If the agency approves an industry Corrective Action Program (CAP) for a radiation emitting electronic product, the agency will notify the responsible firm that its CAP is classified as a recall and will stress the need for prompt corrective action. These corrective actions are taken to correct either product defects or non-compliance with standards. (See Attachment E, Recalls of Radiation Emitting Electronic Products).

  1. Elements of a Recall Strategy
    As specified in 21 CFR 7.42(b), a recall strategy should include a statement on and the reasons for recommending the desired option under each of the following elements:
    1. Depth of recall. The recall may extend to the consumer or user level, the retail level, or the wholesale level.
    2. Public warning. In urgent situations, consideration should be given to the need for a press release that could be nationwide or to affected geographical areas only. In some cases, special communication with specific segments of the population (e.g., physicians, pharmacists, veterinarians, and hospitals) may be appropriate. When the CRU believes that there is a need for a FDA press release or a Talk Paper, in addition to the FDA Recalls web page posting, they should coordinate with the appropriate press officer on OPA’s Media Relations Staff (HFI-20). Similar Information may also be posted on Med Watch.
    3. Effectiveness Check Level. This includes the method(s) to be used for and depth of recall effectiveness checks.

    The recall strategy should consider the disposition of recalled products (e.g., carcinogenic products) when normal disposition means, landfill, crushing, denaturing, etc., are inadequate.

  2. Recall Strategy Review or Development
    In reviewing or developing a recall strategy, the CRU should take into account the health hazard evaluation, type or use of the product, the ease in identifying the product, the degree to which the product's deficiency is obvious to the consumer or user, the amount of product remaining unused in the marketplace, distribution pattern, validated salvage or rework plan, and the continued availability of essential products.
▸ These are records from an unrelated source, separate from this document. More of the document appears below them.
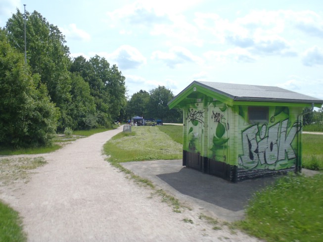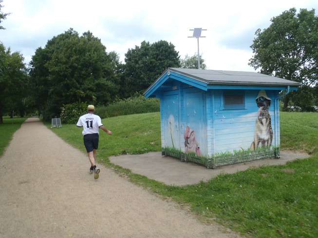 12.10 Uhr / Runde 5 Km 13,0 Dieses bunte Häuschen beherbergt eine der zwei öffentlichen Toiletten an der Eichbaumsee-Runde. Zwei Toiletten auf 2,65 Km!! Da sollten sich die Behörden an der Außenalster mal ein Beispiel nehmen. Da stehen auf 7,36 Km genau NULL Toiletten. |
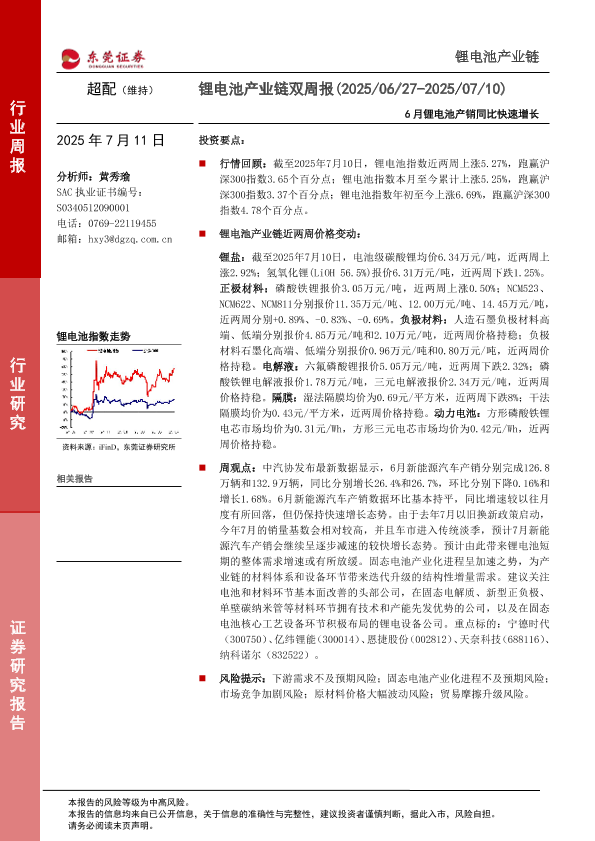 【东莞证券】【20250711】锂电池产业链双周报:6月锂电池产销同比快速增长-13页
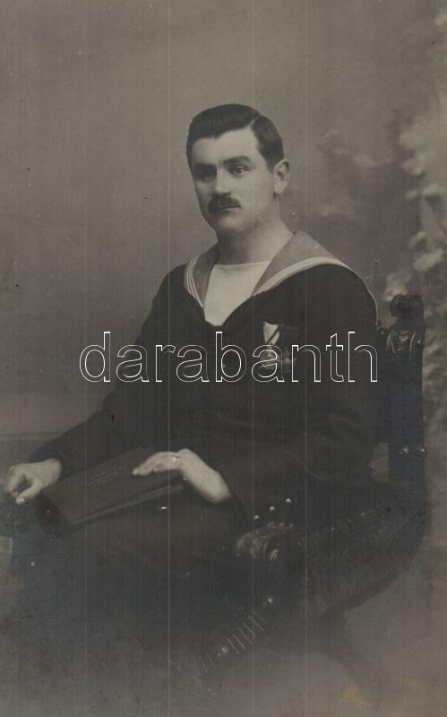 Beschreibung: Osztrák-magyar haditengerész 'Jubileumi kereszt' és Mozgósítási Kereszt 1912-1913-as Emlékkereszt kitüntetésekkel / Austro-Hungarian Navy mariner with 'Jubilee Cross' and Mobilization Cross 1912-1913 decorations, photo (fa)
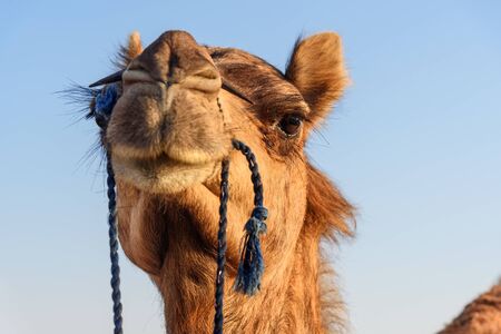 Arabian camel at close-up over blue sky
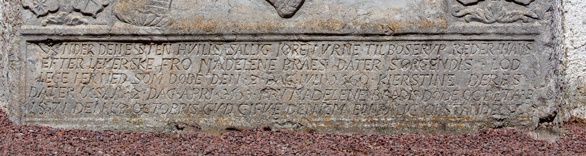 Under denne sten hvilis salig Jøren Urne til Boserup Reder, hans efterleverske Fro Madelene Braesdater sørgendis lod lege herned som døde den 2. juli 1560. Kierstine deres dater oc saa 2. april 1553 Fru Madelene Braes døde oc det aar 1571 den 14 octobris. Gud gifve dennem en salig opstandelse.
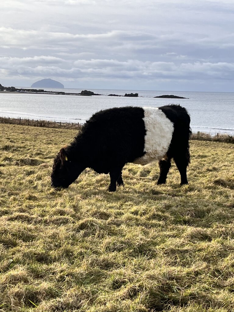 Above the blasted beach, a lone outrider of a Galloway cattle herd. They’re not nicknamed Belties for nothing.
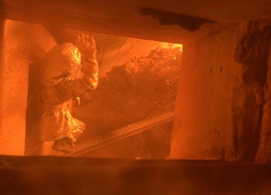 2022年4月9日,章丘项目#2炉燃尽段炉排出现脱落,导致炉排机械负荷受限,锅炉负荷骤降。经研讨后最终确定采用临时压火快速抢修的检修方案,待炉温降至450℃以下时,检修人员身着防烫工作服、系安全带,进入燃尽段炉排脱落处,拆卸损坏炉排并完成炉排片的安装。整个操作流程环环相扣,必须要在4小时内完成。方案确定后,设备部商朝俊克服高温、勇挑重担,顺利更换脱落的4块炉排及风室磨损严重的2个拖轮,维修时间比计划缩短半个小时,保障了项目的正常生产与运营。
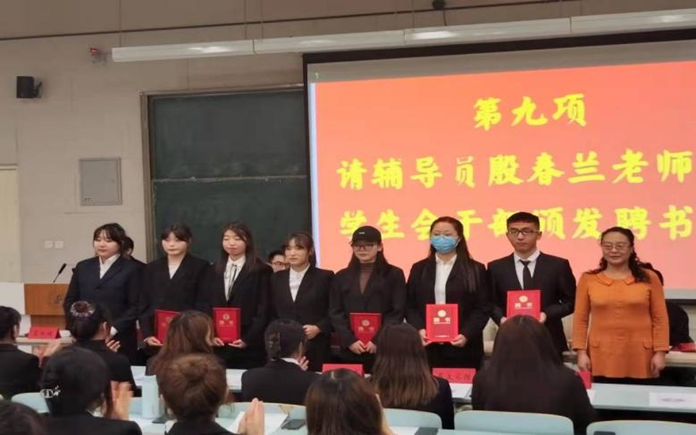 在学院领导及各位代表的殷切期盼下,马金芳书记分别为团总支委员会、学生会主席团颁发聘�; 团总支书记乔祥山为团总支干部颁发聘书; 辅导员殷春兰为学生会干部颁发聘书并合影留念�
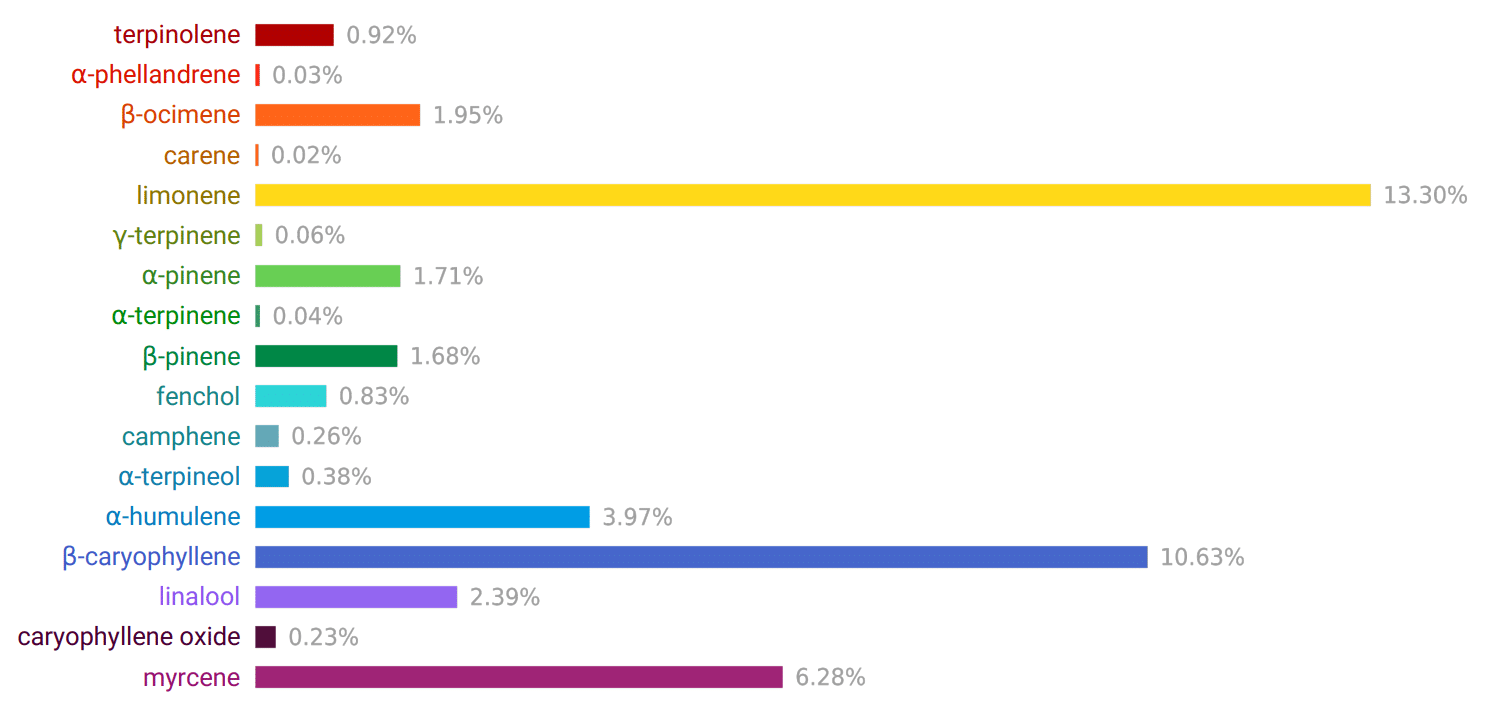 - α-Humulene (5.90%): Imparts an earthy, woody aroma, known for its anti-inflammatory and appetite-suppressing properties.
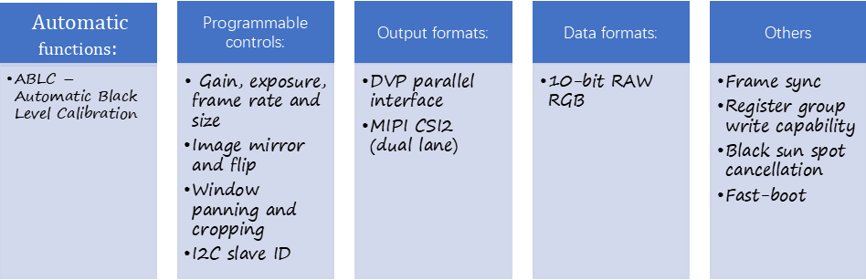 1. 主控cv1821规格:.单核ARM [email protected]; .图像视频90、180、270度旋转、Mirror、Flip; .MiPi接口; .9mm x 9mm QFN 封装大小; .集成 POR 、 ADC 、 I2C 、 SPI 、 UART 、PWM 、 SDIO 3.0 、 USB 2.0 Host/Device; .内置 DRAM;2 .sensor_soi_K302P规格:.4.1MP CMOS图像传感器; .分辨率:2696*1528; .10-bit RGB Raw Data; .Full: 2688x1520 @60fps .HDR: 2688x1520 @ 30fps .DVP并行和MIPI CSI2双数据通道串行接口;
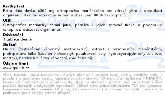 GS Ostropestřec 6500mg tbl.60+20 dárek
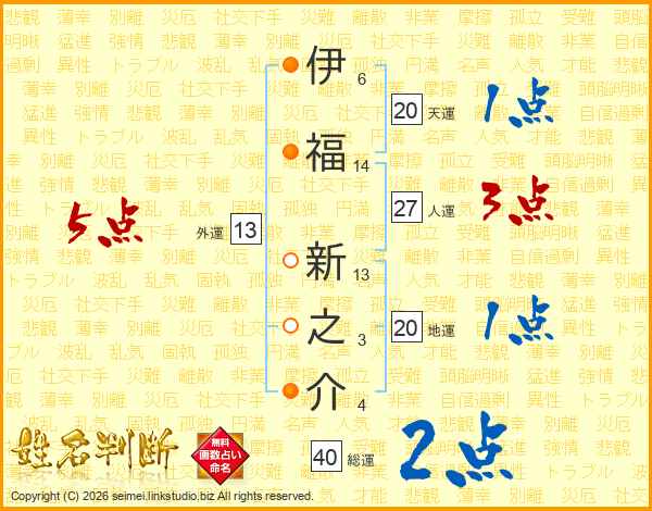 伊福新之介さんの外運は13画の5点!
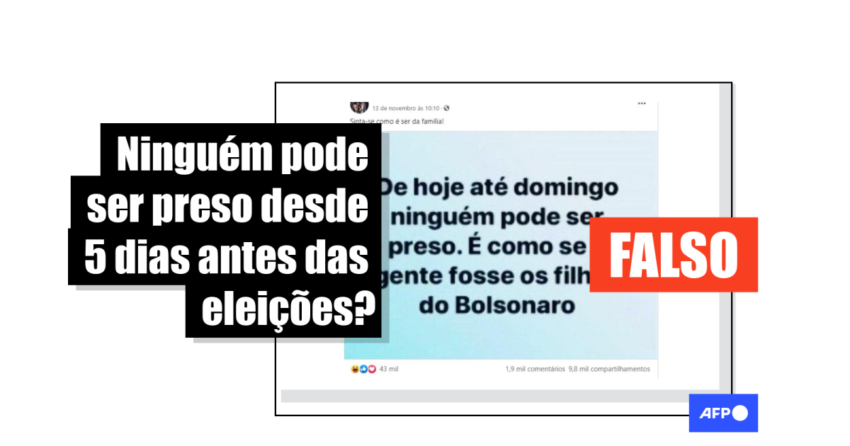 “De hoje até domingo ninguém pode ser preso. É como se a gente fosse os filhos do Bolsonaro”, diz um texto compartilhado mais de 25 mil vezes no Facebook (1, 2, 3), Twitter (1, 2, 3) e Instagram desde o último dia 10 de novembro, cinco dias antes da eleição municipal deste ano.
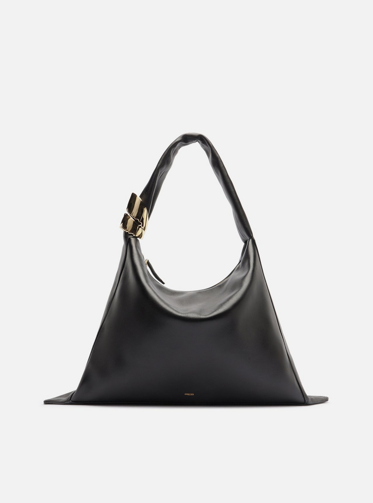 Bolsa hobo grande preta de couro. O acessório tem formato e acabamento macio. Traz alça larga e contínua ao corpo da bolsa. Possui detalhe lateral em metal dourado orgânico e vazado, aplicado em uma das extremidades da alça. Fechamento superior em zíper e puxador. Com inscrição do nome da marca na capa.
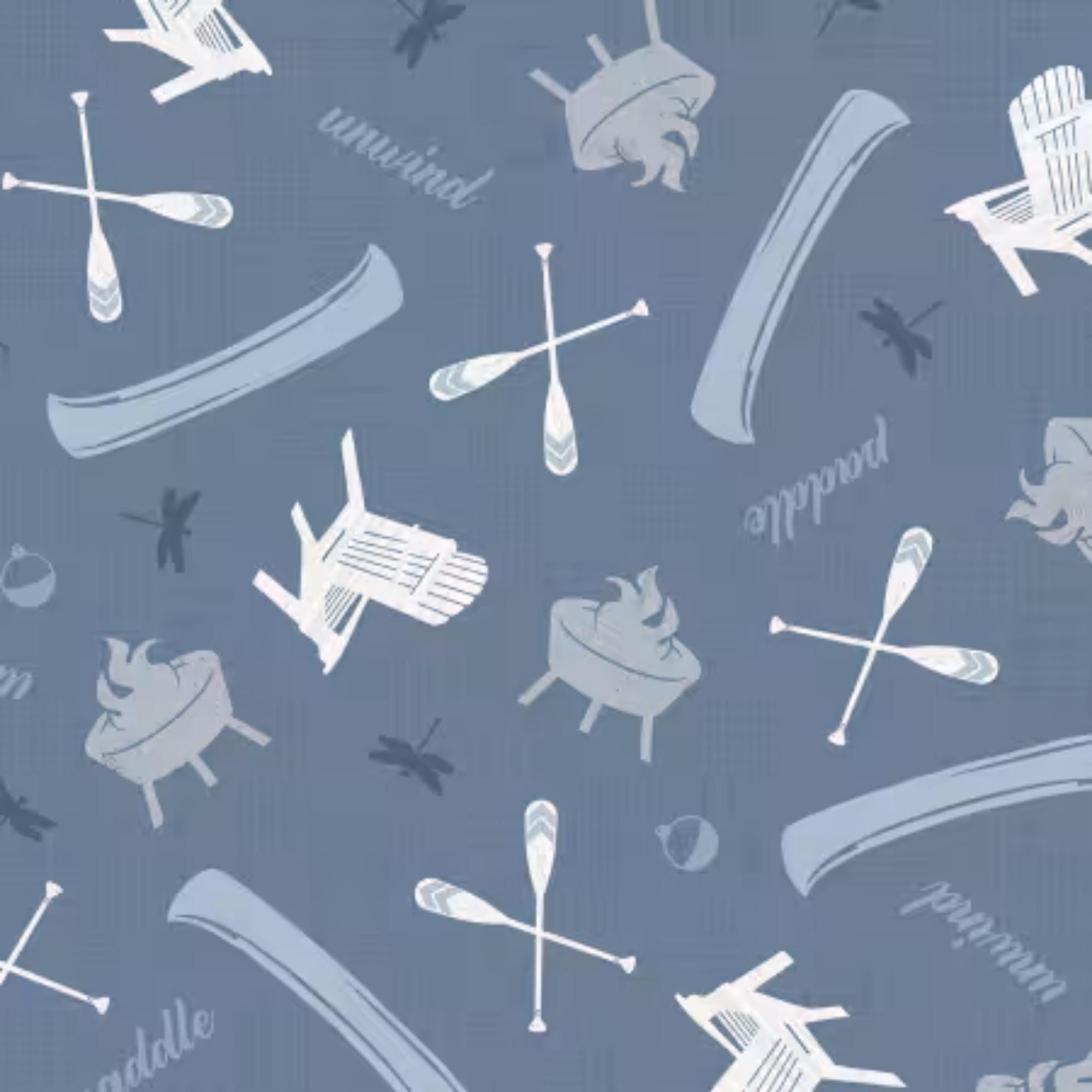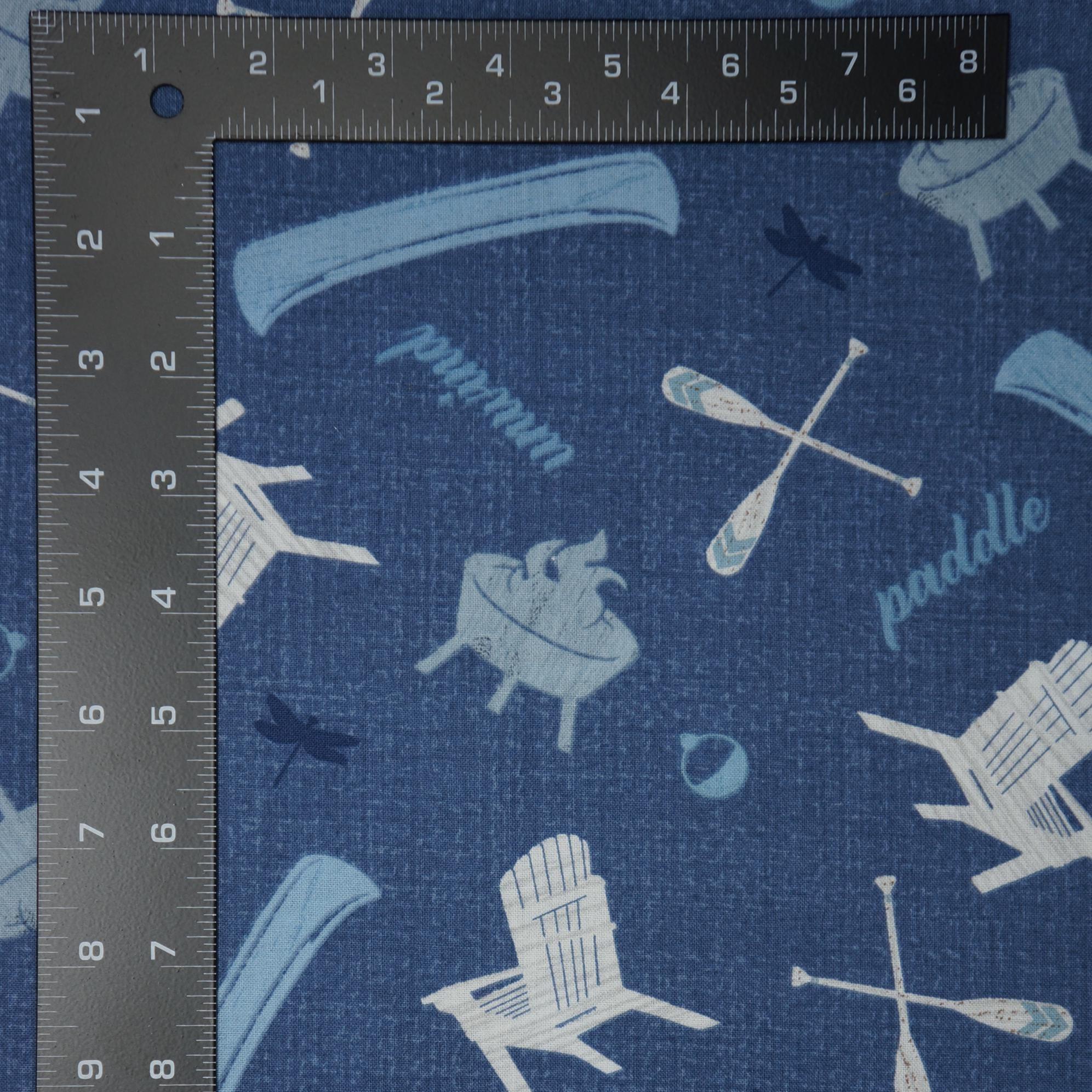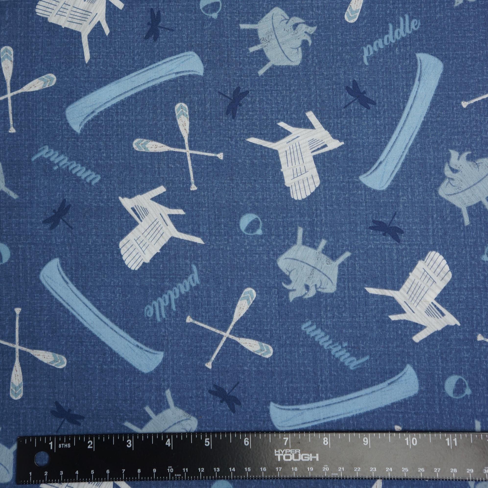 Transform your lake haven into a cozy retreat with our enchanting Denim-Blue Lakeside Toss quilting cotton fabric from the Lake Retreat Collection by PDR LLC for Wilmington Prints. This delightful design features Adirondak Chairs, canoe paddles, canoes, bobbers, dragonflies, campfires and the words "paddle" and "unwind" tossed on a denim-blue background in a color palette of blues, gray, and white. Whether you're stitching up cushions, quilts, or tote bags, this fabric embodies the essence of Lake Life bliss. Dive into creativity and infuse your space with the tranquil vibes of Lake Retreat, making every day feel like a lake getaway.

    For firm initiated recalls the CRU will review and change as indicated or concur with the firm's recall strategy and the district's recommendations for the FDA audit program. For firm initiated recalls, center coordinators should obtain current assessment of recall effectiveness from the field. The center will communicate recommended changes in the firm’s recall strategy and effectiveness checks and the FDA audit program to the District Recall Coordinator and OEIO/DE and update RES.

    For FDA requested recalls the CRU will develop a recall strategy and include it in the center’s Action Memo.

    FDA may have to conduct the recall when a responsible firm is out of business or is unable to conduct a recall for any reason. The CRU, working with the involved district, will consult with OEIO/DE about strategy to implement recall action by FDA.

    The CRU, when necessary, will develop an interim strategy to cover the time between notification of a known or potential health hazard and completion of a final formal strategy. Interim strategies are frequently part of recalls conducted for radiation emitting devices and electronic products, and for device recalls requiring replacement of components or software that must be developed.

    The interim strategy will indicate the immediate actions to be taken on the part of the responsible firm to ensure prompt warning to the appropriate depth of distribution. Such warning must identify the hazards involved and the steps to be taken to minimize exposure to the product hazard pending completion and implementation of the recall strategy. The District Recall Coordinator and the CRU should discuss any corrections/modifications to the recall strategy, as necessary, for follow-up and correction by the recalling firm PRIOR to completing the recall classification in RES. If these corrections are not made prior to classification, the recalling firm may interpret the center’s classification as acceptance of their inappropriate recall strategy.